Probe-based confocal laser endomicroscopy
A total of 56 pCLE videosequences and 84 biopsies were obtained from the same sites. In one patient, technical failure occurred resulting in the absence of recorded data for both duodenal and rectosigmoid evaluation. Fourteen patients had duodenal (n = 12) or rectosigmoid (n = 14) pCLE examination (two patients refused to have an OGD). pCLE accurately identified seven out of eight patients who developed symptoms of GVHD during follow up, but misclassified as ‘normal’ one patient who developed a grade II acute GVHD. The sensitivity, specificity, PPV, and NPV of pCLE for the diagnosis of any grade of GVHD were 87, 71, 77, and 83%, respectively (Table 3).
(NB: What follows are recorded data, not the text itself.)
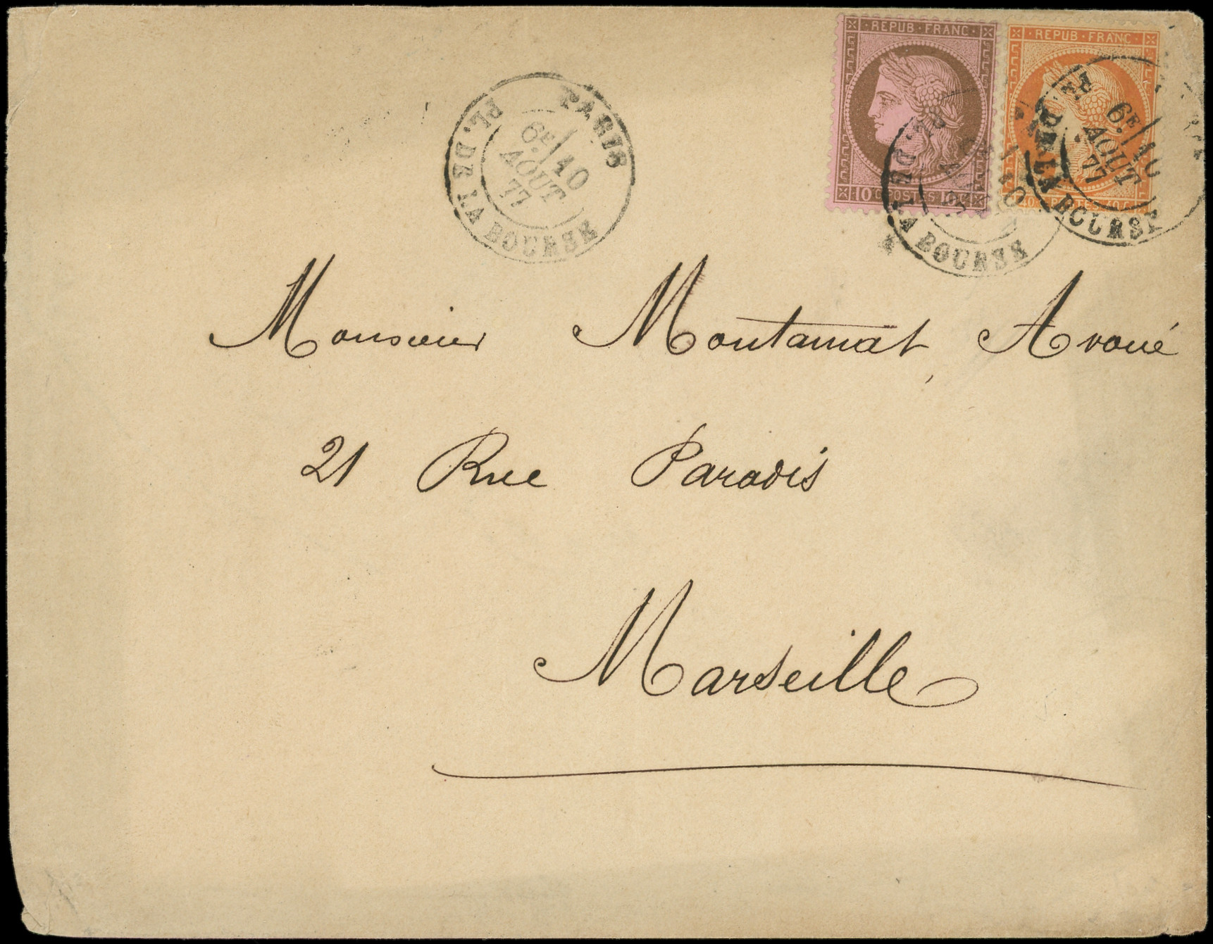 càd Pl. de la Bourse 10/8/77 s. Env., obl. Rare sur les timbres, TB (Image)
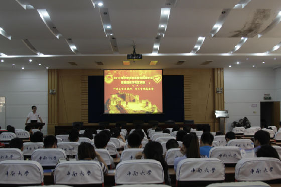 5月12日上午,“一次美丽西藏行,终生雪域高原情”——2015年大学生志愿服务西部计划服务西藏专项宣讲会在校本部民主楼小礼堂举行。宣讲团团长共青团西藏自治区委员会权益部副部长扎西卓玛,副团长共青团昌都市委员会副书记杨德西和来自志愿者队伍的优秀大学生代表们,为与会的中南大学师生作了一场生动的报告。
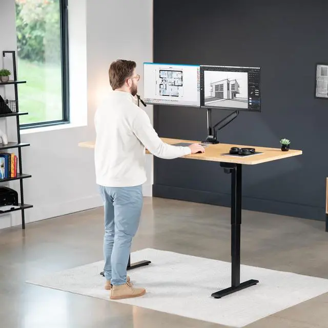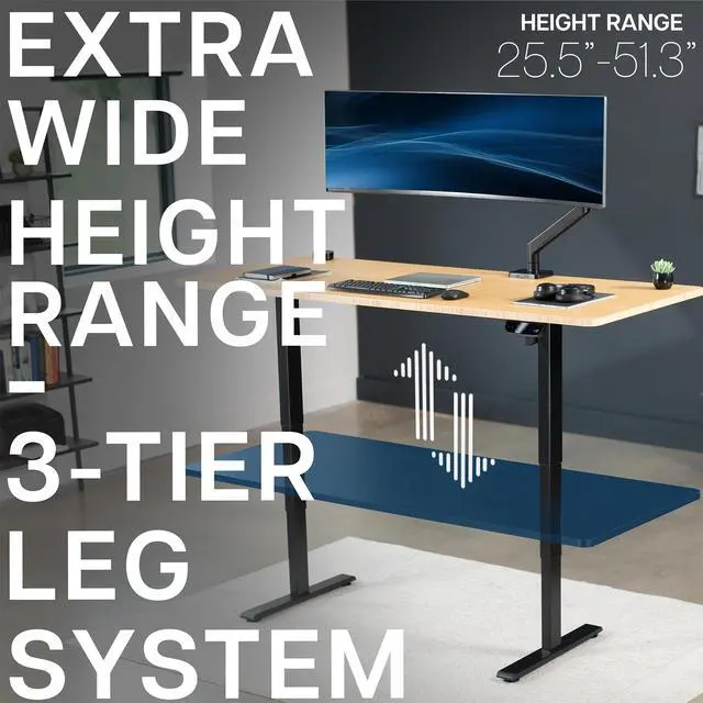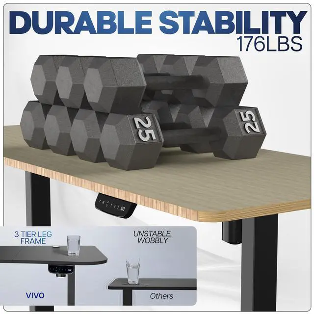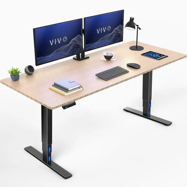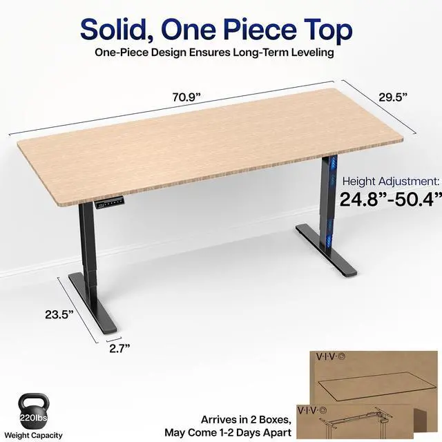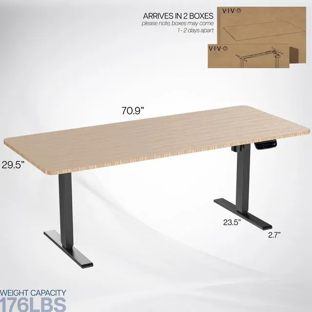 Transform your workstation to accommodate an active work life with the Bamboo / Black 71" x 30" Electric Desk (DESK-KIT-2E71O) from VIVO! Finding a healthy balance between sitting and standing throughout the long work day is made possible with electric height adjustment, 3-stage telescopic legs, and an elegant touch-screen control panel. The spacious, solid bamboo table top provides room for dual-monitor setups and important supplies so you can organize your workspace to fit your preferred layout. With a frame constructed of solid steel, this desk supports up to 220 lbs and is built to last. The integrated cable management system ensures that cords and cables are neatly organized and hidden from view for a tidy workspace. All hardware and instructions are provided, so you can get your new workstation assembled and taking you to new heights!
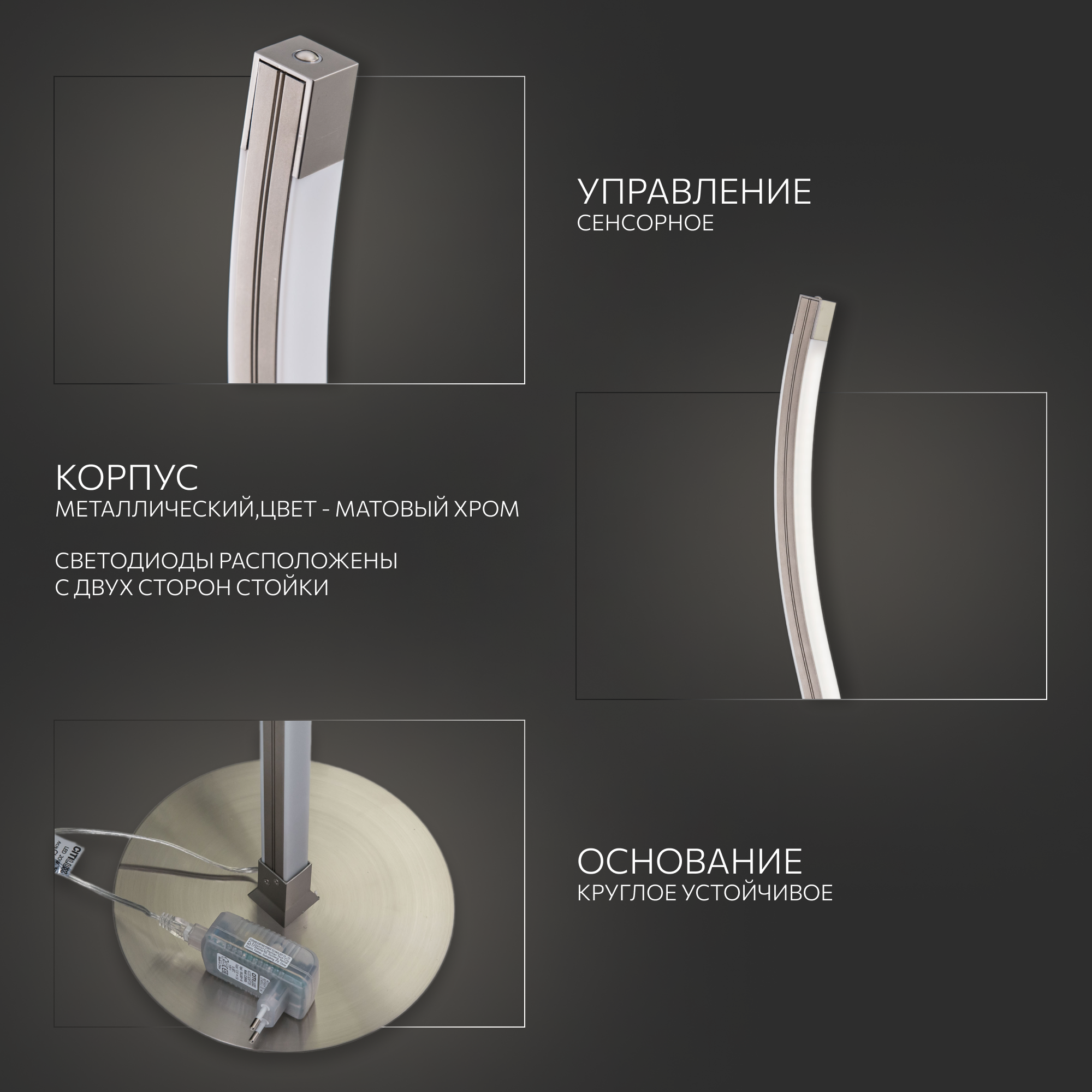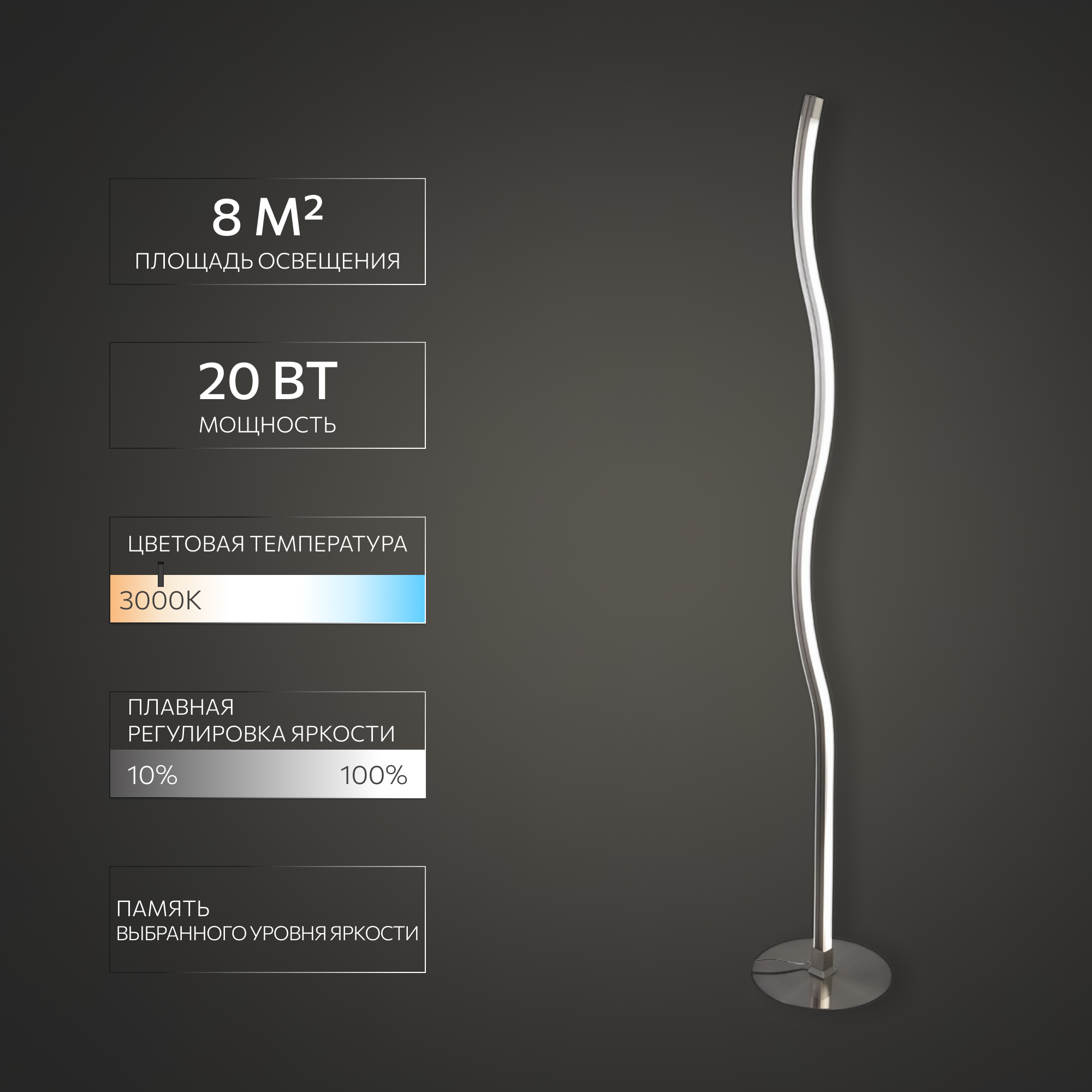 | Дополнительные характеристики | торшер имеет функцию плавной регулировки яркости при помощи встроенного диммера |

| Glücksberg grade | pCLE grade | |||
|---|---|---|---|---|
| 0 | Mild (1) | Moderate (2) | Severe (3–4) | |
| 0 | 5 | 2 | 0 | 0 |
| Mild (I) | 0 | 2 | 1 | 0 |
| Moderate (II) | 1 | 0 | 3 | 0 |
| Severe (III–IV) | 0 | 0 | 0 | 1 |
- Values are n.
- Sensitivity of pCLE was 87% and specificity was 71%. Spearman test showed a significant positive correlation between both scoring systems (rho = 0.727, p = 0.002).
Conventional histology
Conventional histology correctly diagnosed a ‘severe GI-GVHD’ in the patient who developed grade IV acute GVHD. This patient had severe histological lesions consisting in large areas of complete destruction of the duodenal villi and the colonic crypts. The remaining crypts were atrophic with apoptotic changes. Conventional histology did not find any sign of acute GI-GVHD in biopsies for 4/15 patients who developed grade I (n = 2) and grade II (n = 2) acute GVHD, but without clinical symptoms of GVHD at time of biopsy. In addition, histology concluded to grade 1 acute GVHD in one patient that was classified as ‘no GVHD’ according to the modified Glücksberg system. The sensitivity, specificity, PPV, and NPV of conventional histology for the diagnosis of any grade of GVHD were 50, 86, 80, and 60%, respectively (Table 4).
| Glücksberg grade | Histology grade | |||
|---|---|---|---|---|
| 0 | Mild (1) | Moderate (2) | Severe (3–4) | |
| 0 | 6 | 1 | 0 | 0 |
| Mild (I) | 2 | 1 | 0 | 0 |
| Moderate (II) | 2 | 1 | 0 | 1 |
| Severe (III–IV) | 0 | 0 | 0 | 1 |
- Values are n.
- Sensitivity of histology was 50% and specificity was 86%. Spearman test showed no correlation between both scoring systems (rho = 0.481, p = 0.069).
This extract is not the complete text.